The next scene that follows is another night with Robert where he meets up with his two friends David and Jenny, also a married couple. The scene begins with the group of them all in the midst of smoking a joint. They go into how it makes them feel and the wife has a breakthrough when she finds herself able to say things she usually holds back, cursing, for example.
This scene is followed by a song by the three lovers of Robert; April, Marta and Kathy called you could drive a person crazy in which the women list their complaints about dating a man who expects to give nothing in return.

Next scene, the loft of two more of his friends, they have a view of the east river from their balcony.
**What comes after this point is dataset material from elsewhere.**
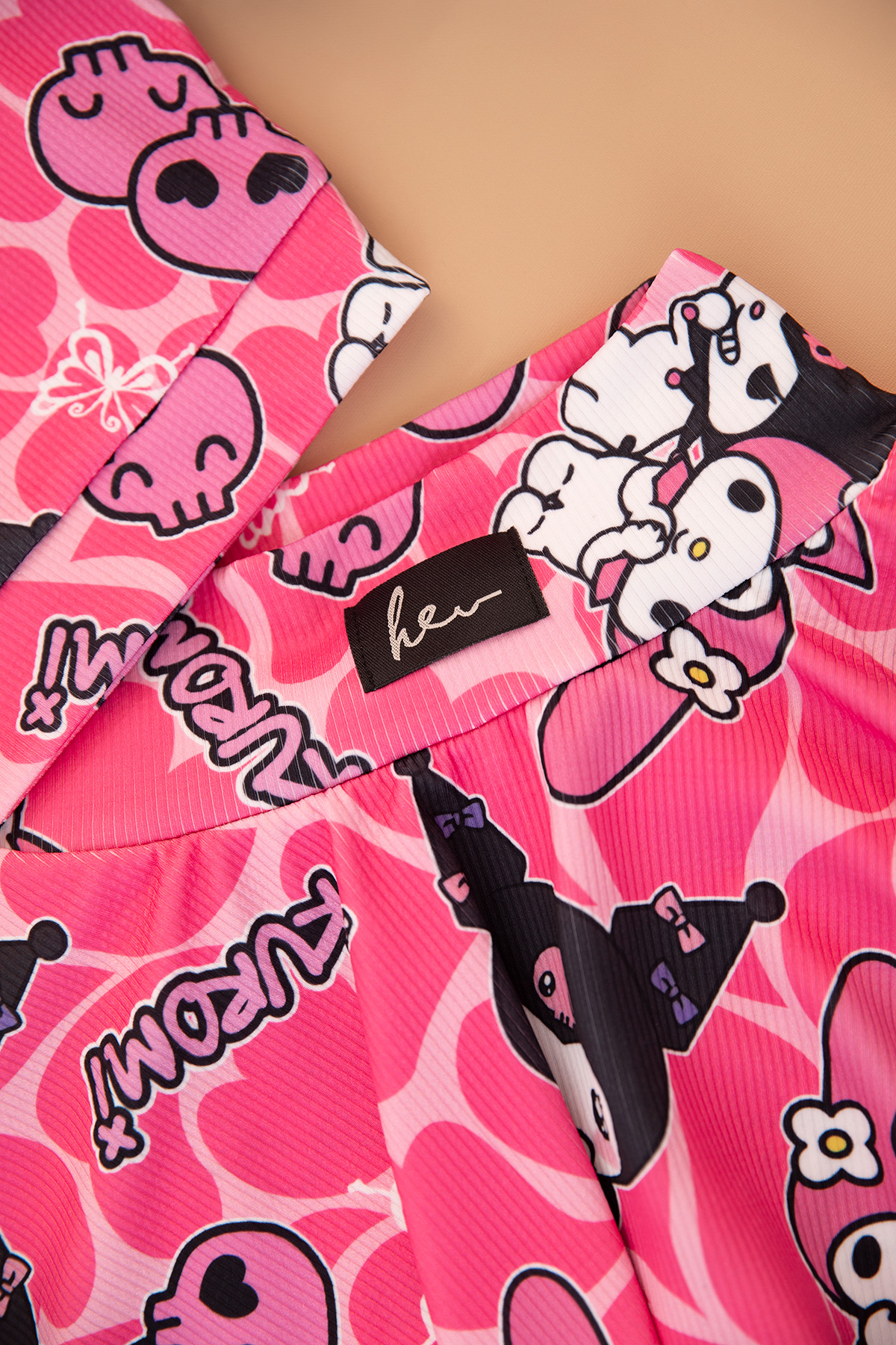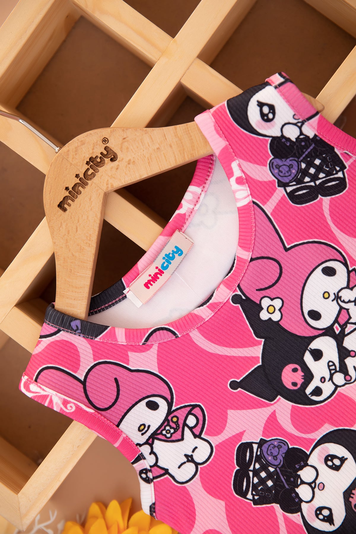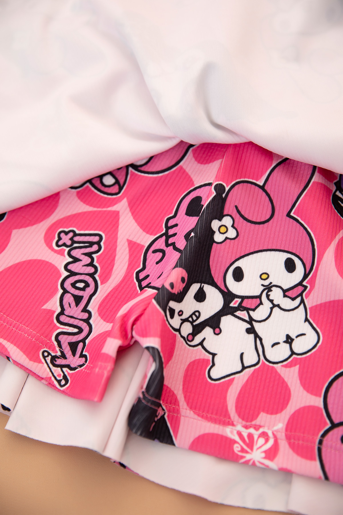 Kız Çocuk Baskılı Crop Badi Şort Etek Takım - 2775B (3-14 Yaş)

The scene is short, a quick story and the revealing to Robert that they are getting a divorce.

Next is one of the strongest songs in all of Sondheims creations, another hundred people. This is sung by Marta, one of Roberts three love interest. A wonderfully colorful song portraying new York city as never seen before. As a place where people come and go. Dispersed throughout the song are the two dates with Amy and Kathy. Amy tells about her dreams to move to radio city in new York only to find that it is in fact a theatre and not an actual city. She claims she is very dumb. The next date is with Kathy which takes place in central park in the evening. She tells Robert that she is moving back to cape cod and is getting married. As the song ends the scene moves onto the date with marta who is unlike anyone in the play. She is free spirited and loves new York city in her own unique way. It is in this scene that we really discover a lot about Robert and his life in the city. We realize that Robert is more of a wasp that originally expected and he admits to mostly meeting people like himself.
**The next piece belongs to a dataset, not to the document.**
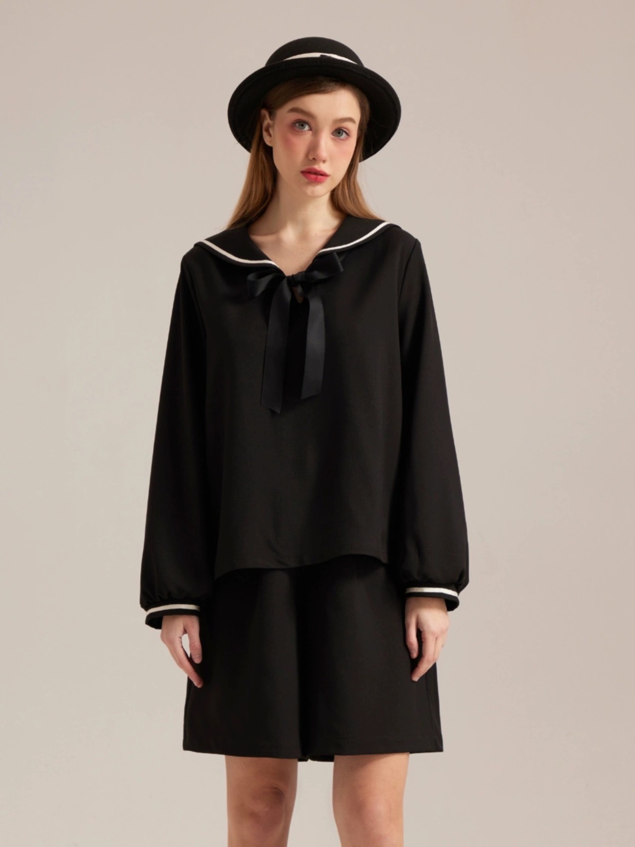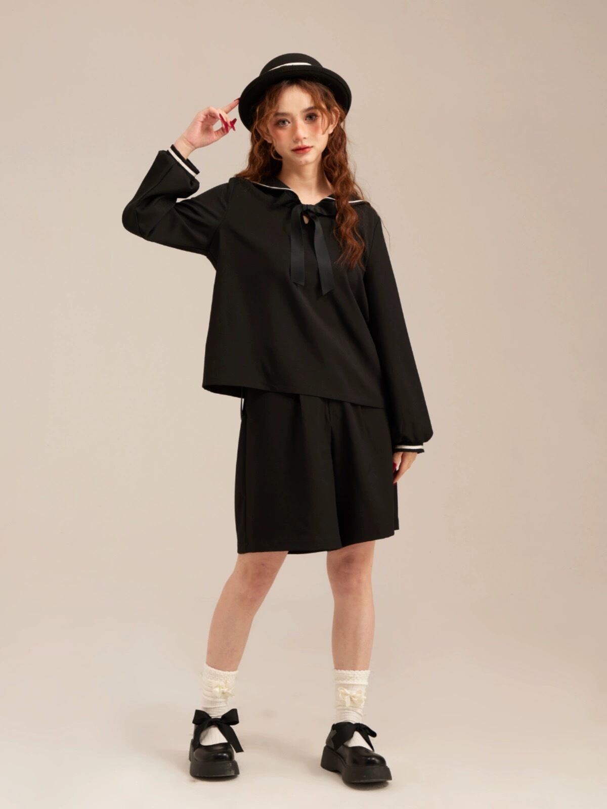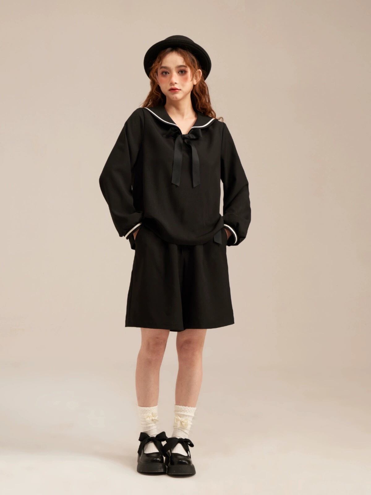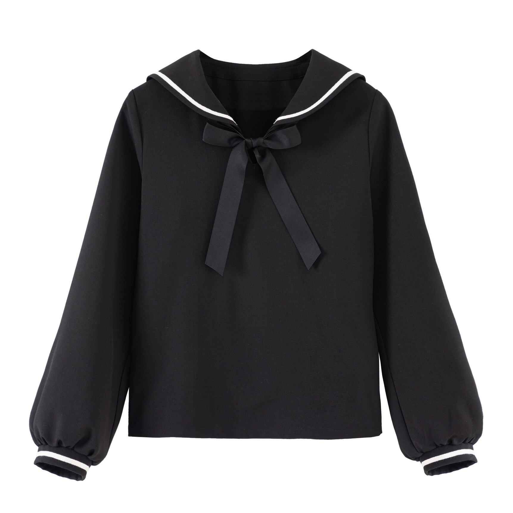 【トップス】セーラー リボン 黒 ブラウス ガーリー

Now to the polar opposite of that, we find ourselves at a wedding, or at least the moments before the wedding is to take place. This is a wedding between Amy and her soon to be husband Paul. Paul is overjoyed at the idea of matrimony but Amy finds herself with cold feet and begins her rant about why she can’t go through with it. She rants in the form of a patter song called not getting married today in which she asks the members and guests of the wedding to go home. At the end of the song Amy asks Robert what she just did, sensing Amys apprehension to her marriage with Paul he tells her that she did what she had to do and with that he asks Amy to marry him instead. She finds his proposal funny and through this decides to marry Paul once again, now excited at the idea of being with someone as wonderful as Paul.

The following song is a song between the sleeping husbands and the worried wives, poor baby. In this number the women voice their worries about their friend Robert and state how much he needs a wife so he won’t be sitting evening after evening by the telephone.

This is followed by one of the highest strung scenes in the play and to raise the stakes even higher, the three of them are drunk. Robert, Joanne and ….. are out on the town. Drunkenly joanne yells at some women nearby launching her into a tirade of upper class wives, this tirade has become one of the most famous songs of this show, the ladies who lunch. it is after this song that we find Joannes intentions to have an affair with Robert when her husband is at work. He declines.

Robert discovers his longing for someone to take care of, some one to hold him too close, someone to hurt him too deep, someone to make him feel alive. The climax of Robert is the final song being alive.